### YOUR OBJECTIVE
Return the data below unchanged, without images.

### AVAILABLE DATA
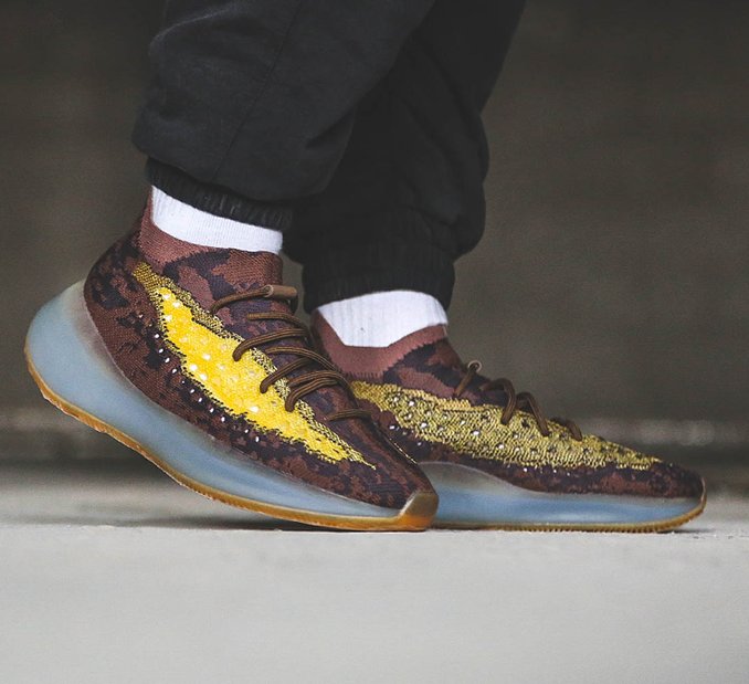 The Yeezy Boost 380 delivers a bold look with limitless comfort. A mix of earthy tones with vibrant yellow detailing creates a design that won't go unnoticed.
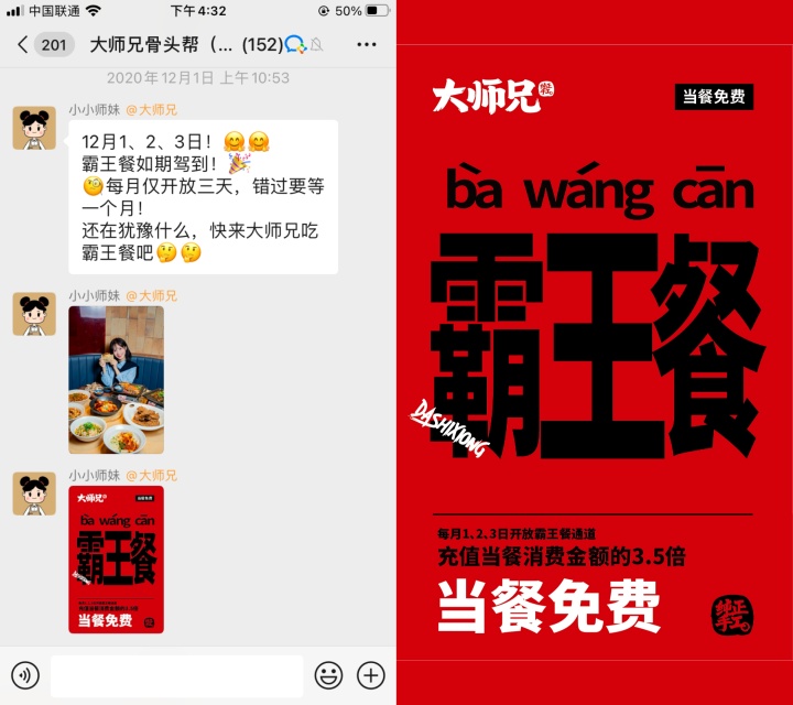为了吸引更多的客户到店消费,「大师兄餐饮」还推出了每月霸王餐活动,在每个月的1、2、3号,到店充值当餐消费的3.5倍金额,即可当餐免费吃。在这么巨大的福利下,你想不充值都难,但是你要知道当会员里面有余额时,会一直触动客户,更加刺激客户的消费心理。
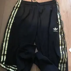 グレーのadidasジョガーパンツ、サイドに3本ラインデザイン。

### SOLUTION BELOW
 The Yeezy Boost 380 delivers a bold look with limitless comfort. A mix of earthy tones with vibrant yellow detailing creates a design that won't go unnoticed.
为了吸引更多的客户到店消费,「大师兄餐饮」还推出了每月霸王餐活动,在每个月的1、2、3号,到店充值当餐消费的3.5倍金额,即可当餐免费吃。在这么巨大的福利下,你想不充值都难,但是你要知道当会员里面有余额时,会一直触动客户,更加刺激客户的消费心理。
 グレーのadidasジョガーパンツ、サイドに3本ラインデザイン。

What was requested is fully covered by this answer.